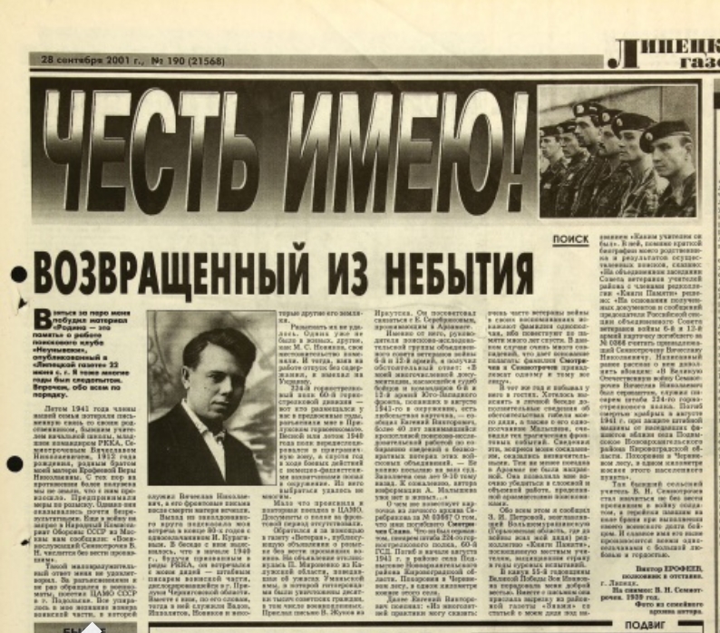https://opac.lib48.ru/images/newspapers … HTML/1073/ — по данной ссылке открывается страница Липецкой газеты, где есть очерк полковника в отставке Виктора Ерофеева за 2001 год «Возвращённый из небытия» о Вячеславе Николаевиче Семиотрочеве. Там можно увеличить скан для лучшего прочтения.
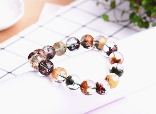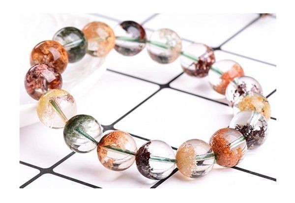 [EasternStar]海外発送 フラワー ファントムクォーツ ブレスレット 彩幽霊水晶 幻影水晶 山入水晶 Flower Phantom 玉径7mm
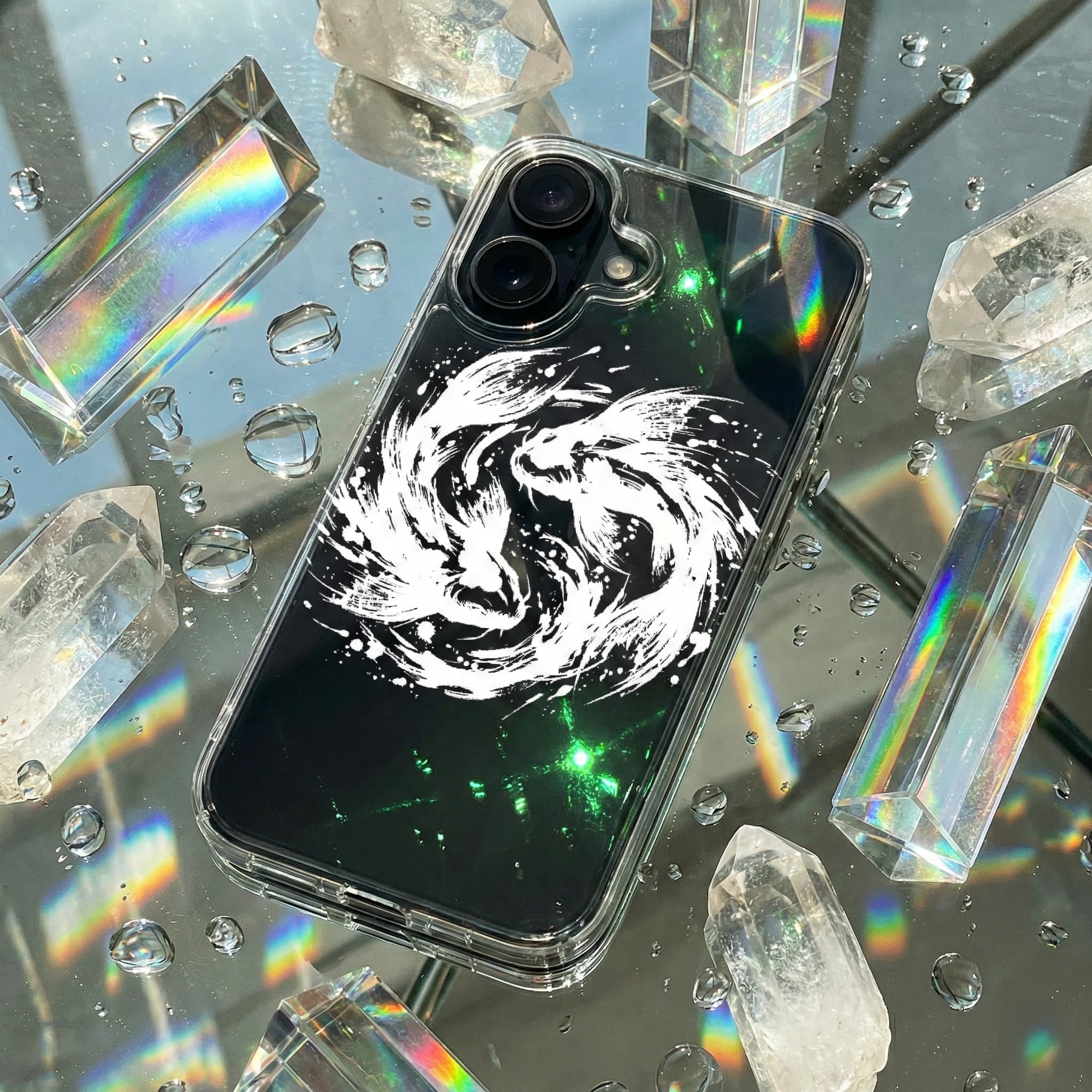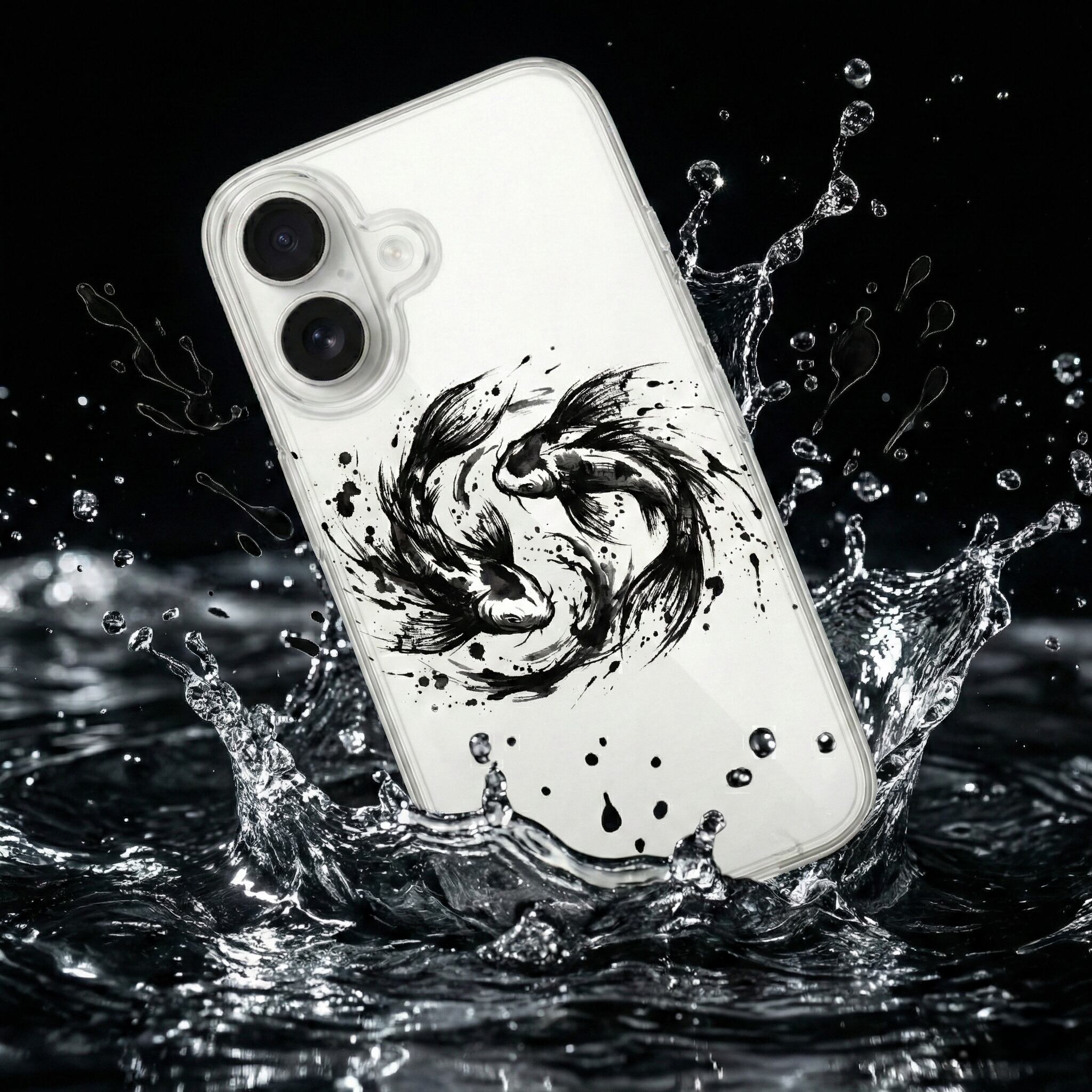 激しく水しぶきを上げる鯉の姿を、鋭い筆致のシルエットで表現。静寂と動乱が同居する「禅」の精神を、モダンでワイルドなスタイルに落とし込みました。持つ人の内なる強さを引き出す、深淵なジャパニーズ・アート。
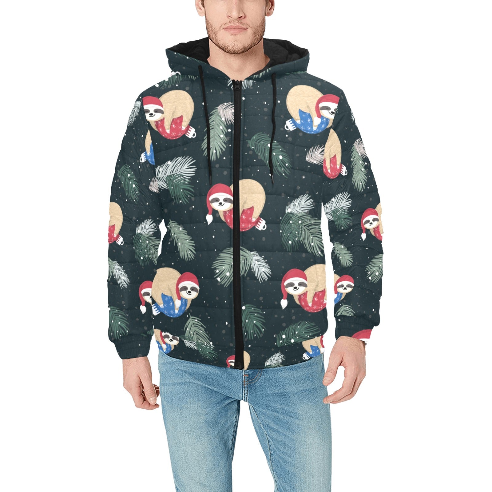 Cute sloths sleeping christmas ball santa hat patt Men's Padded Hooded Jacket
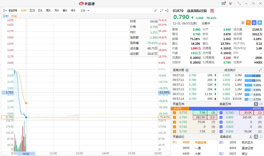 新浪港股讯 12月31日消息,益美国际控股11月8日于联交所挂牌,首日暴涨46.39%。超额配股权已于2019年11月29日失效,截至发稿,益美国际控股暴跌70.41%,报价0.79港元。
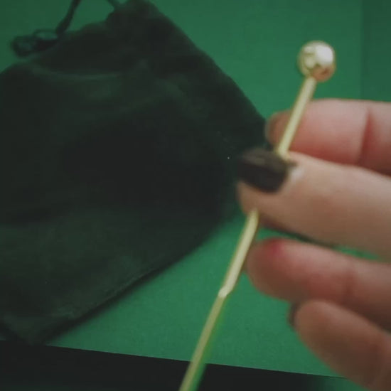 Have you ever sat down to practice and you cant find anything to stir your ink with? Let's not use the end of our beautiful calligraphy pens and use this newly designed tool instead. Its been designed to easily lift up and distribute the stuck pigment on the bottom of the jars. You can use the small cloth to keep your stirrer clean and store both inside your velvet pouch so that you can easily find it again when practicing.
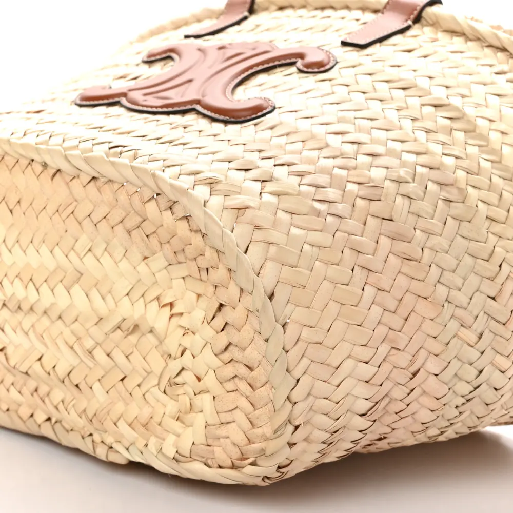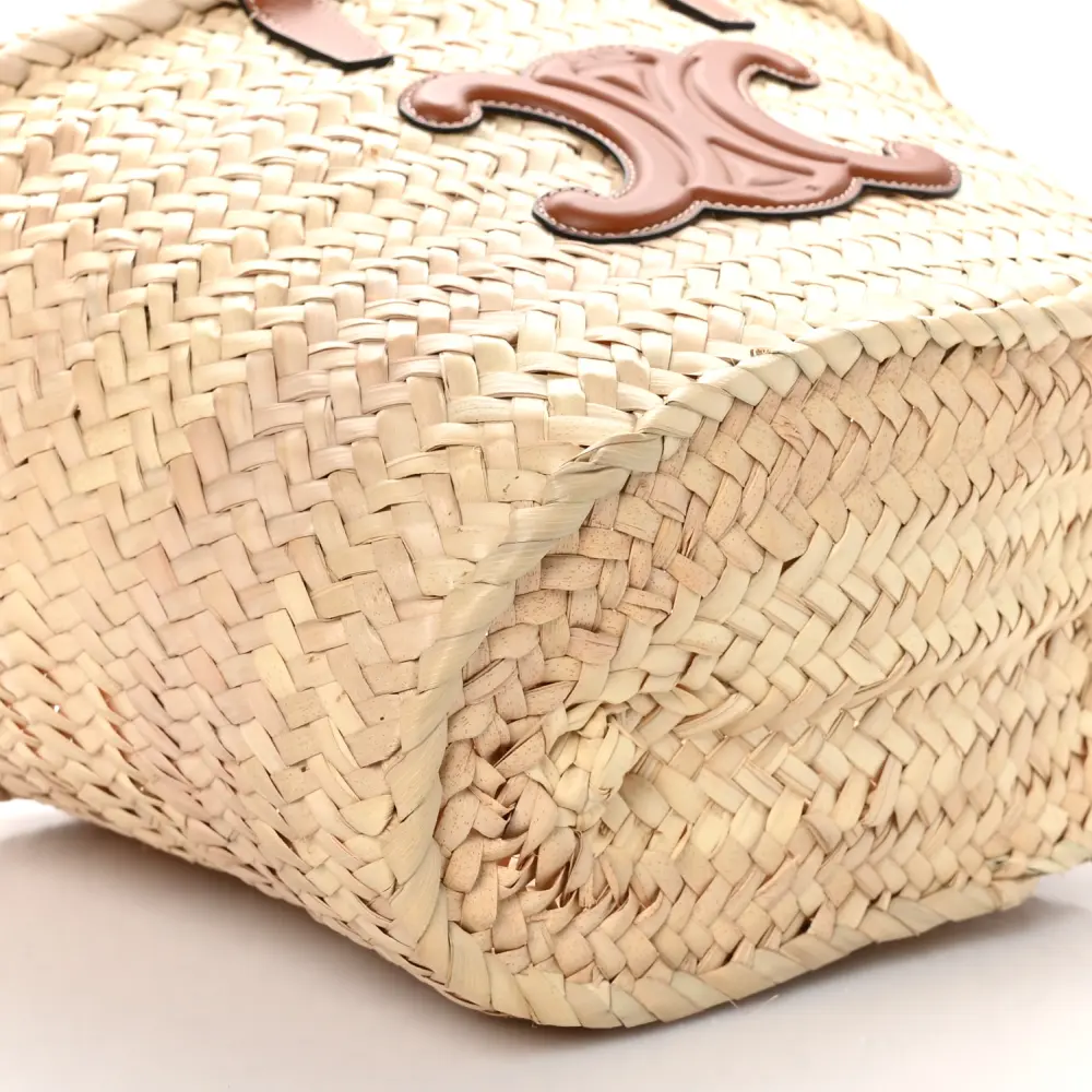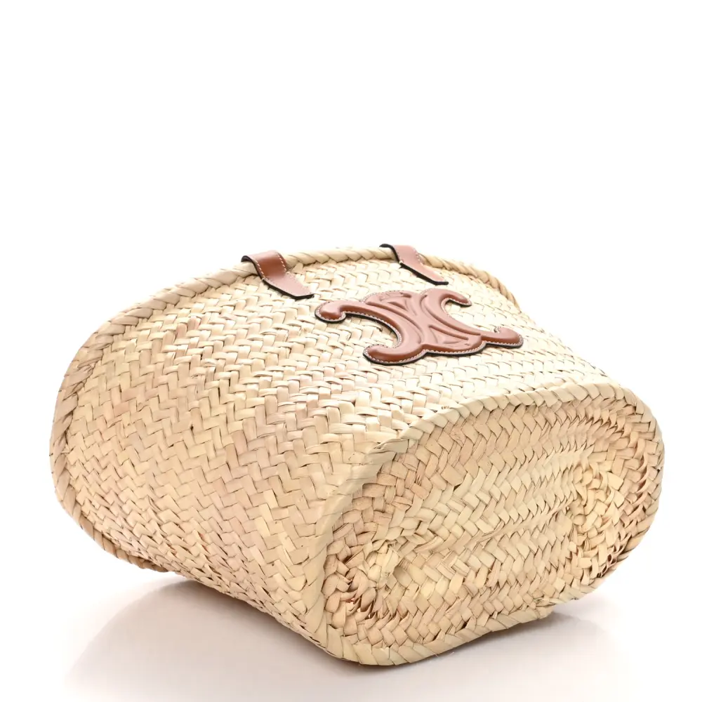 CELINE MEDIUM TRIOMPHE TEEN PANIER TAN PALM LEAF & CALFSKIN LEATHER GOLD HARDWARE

[REQUIRED WORK]:
The answer must be the full set of records, repeated exactly, with no pictures.

[RESPONSE]:
https://opac.lib48.ru/images/newspapers … HTML/1073/ — по данной ссылке открывается страница Липецкой газеты, где есть очерк полковника в отставке Виктора Ерофеева за 2001 год «Возвращённый из небытия» о Вячеславе Николаевиче Семиотрочеве. Там можно увеличить скан для лучшего прочтения.
 [EasternStar]海外発送 フラワー ファントムクォーツ ブレスレット 彩幽霊水晶 幻影水晶 山入水晶 Flower Phantom 玉径7mm
 激しく水しぶきを上げる鯉の姿を、鋭い筆致のシルエットで表現。静寂と動乱が同居する「禅」の精神を、モダンでワイルドなスタイルに落とし込みました。持つ人の内なる強さを引き出す、深淵なジャパニーズ・アート。
 Cute sloths sleeping christmas ball santa hat patt Men's Padded Hooded Jacket
 新浪港股讯 12月31日消息,益美国际控股11月8日于联交所挂牌,首日暴涨46.39%。超额配股权已于2019年11月29日失效,截至发稿,益美国际控股暴跌70.41%,报价0.79港元。
 Have you ever sat down to practice and you cant find anything to stir your ink with? Let's not use the end of our beautiful calligraphy pens and use this newly designed tool instead. Its been designed to easily lift up and distribute the stuck pigment on the bottom of the jars. You can use the small cloth to keep your stirrer clean and store both inside your velvet pouch so that you can easily find it again when practicing.
 CELINE MEDIUM TRIOMPHE TEEN PANIER TAN PALM LEAF & CALFSKIN LEATHER GOLD HARDWARE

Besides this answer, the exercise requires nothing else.